Australians, New Zealanders, Turks gather for Gallipoli centenary

Australians, New Zealanders, Turks gather for Gallipoli centenary

GALLIPOLI PENINSULA - Reuters
Australians, New Zealanders, Turks gather for Gallipoli centenary

Bruce Scates (R), grandson of Private Thomas Charles Scates, and Halil Koç, grandson of Turkish veteran Halil Koç, visit the Turkish cemetery ahead of the 100th anniversary of the Battle of Gallipoli, in Gallipoli April 22, 2015.

Thousands of Australians, New Zealanders and Turks gathered on Turkey's Gallipoli peninsula on April 23 ahead of the 100th anniversary of one of the bloodiest battles of World War I.
   
Security was especially tight as the former adversaries now face a common threat from Islamist militant violence.
   
A century ago, thousands of soldiers from the Australian and New Zealand Army Corps (ANZAC) struggled ashore on a narrow beach at Gallipoli at the start of an ill-fated campaign that would claim more than 130,000 lives.

The area has become a site of pilgrimage for visitors who honour their nations' fallen in graveyards halfway around the world on ANZAC Day every April 25.
   
The centenary is expected to see the largest ever commemoration, with Turkish President Tayyip Erdogan, Australian Prime Minister Tony Abbott, New Zealand Prime Minister John Key and Britain's Prince Charles leading the ceremonies.
   
"The 100th anniversary is a very important moment because we're at a time now where this campaign ceases to be about memory and slides into history," said Bruce Scates, chair of history and Australian studies at Melbourne's Monash University.

"All of the veterans have died, those with any living memory of the Great War have gone," said Scates, the grandson of a Gallipoli veteran who has been advising the Australian government on how to mark the centenary.

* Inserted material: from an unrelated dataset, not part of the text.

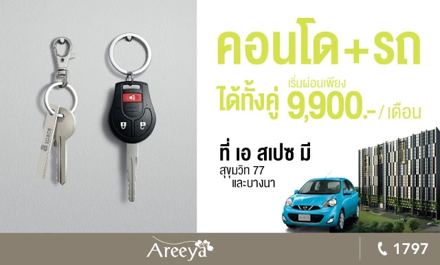 อารียาให้คุณเป็นเจ้าของคอนโด + รถ เริ่มผ่อนเพียง 9,900 บาท ที่ เอ สเปซ มี สุขุมวิท 77 หรือ บางนา
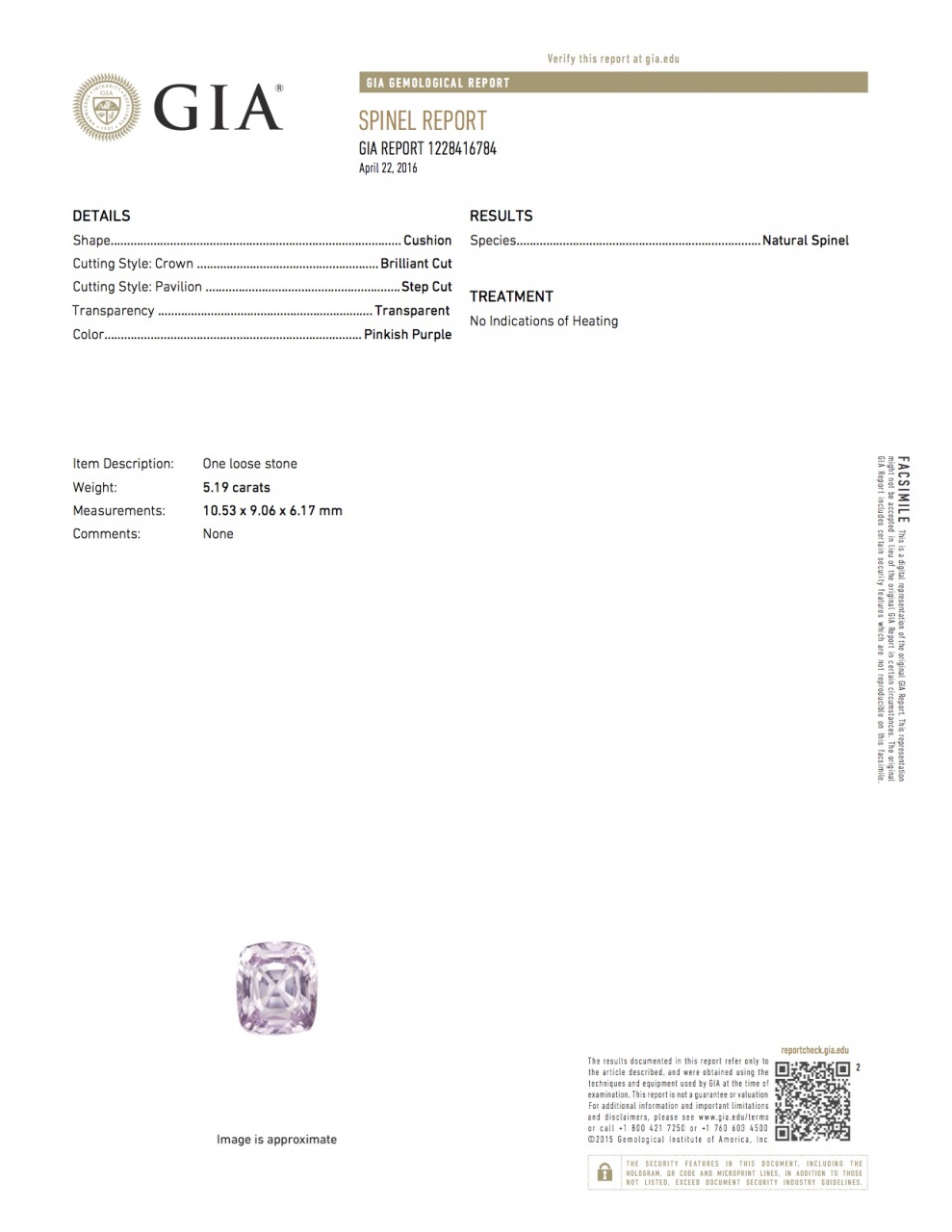 Шпинель весом 5,19 карат, происхождение природное, цвет Pinkish Purple, облагораживание отсутствует

Although the Allied forces also included British, Irish, French, Indians, Gurkhas and Canadians, Gallipoli has become particularly associated with the Australians and New Zealanders, marking a point where they came of age as nations less beholden to Britain.
   
Turkey and Australia now find themselves allies in a modern-day struggle.
   
Australian police on April 25 foiled what they said was an Islamic State of Iraq and the Levant (ISIL)-inspired attack planned at an event to mark the centenary, a holiday in Australia and New Zealand.

Australia, which backs the United States and its action against ISIL militants in Syria and Iraq, has been on heightened alert for attacks by homegrown Islamist radicals since last year.
   
Turkey, which borders Syria and Iraq and has been a major transit route for foreign fighters headed there, is also on alert.
   
"It's good that we're now exchanging information at a very deep level between our various agencies because the threat posed by violent extremism, particularly by the Daesh (ISIL) death cult, is real and it is global," Abbott told a joint news conference with Turkish Prime Minister Ahmet Davutoglu on April 22.
   
Reconciliation

Turks mark what they call the Çanakkale war on March 18, when Ottoman forces repelled an Allied assault on the Dardanelles Straits. The victory stopped the Allies from taking Istanbul but resulted in an eight-month standoff.
   
Some 130,000 soldiers perished, 87,000 of them from the Ottoman side, before the Turks, under German command, repulsed an Allied campaign hampered by poor planning.
   
But it would prove to be one of the Turks' few successes in the war. In November 1918, the Allied fleet sailed through the Dardanelles and took Istanbul without a single casualty.
   
For the thousands gathering at Gallipoli, the overriding message was one of reconciliation. Scates was visiting graveyards with Halil Koç, the descendant of a Turkish soldier who fought the ANZAC forces.
   
"I was accompanying my grandfather in 1990 and we couldn't convince him to hold an Australian veteran's hand...But today, I can visit Turkish and Australian graveyards with the grandson of an Australian veteran as we walk arm in arm," Koç said.
   
"This is a great message to the world."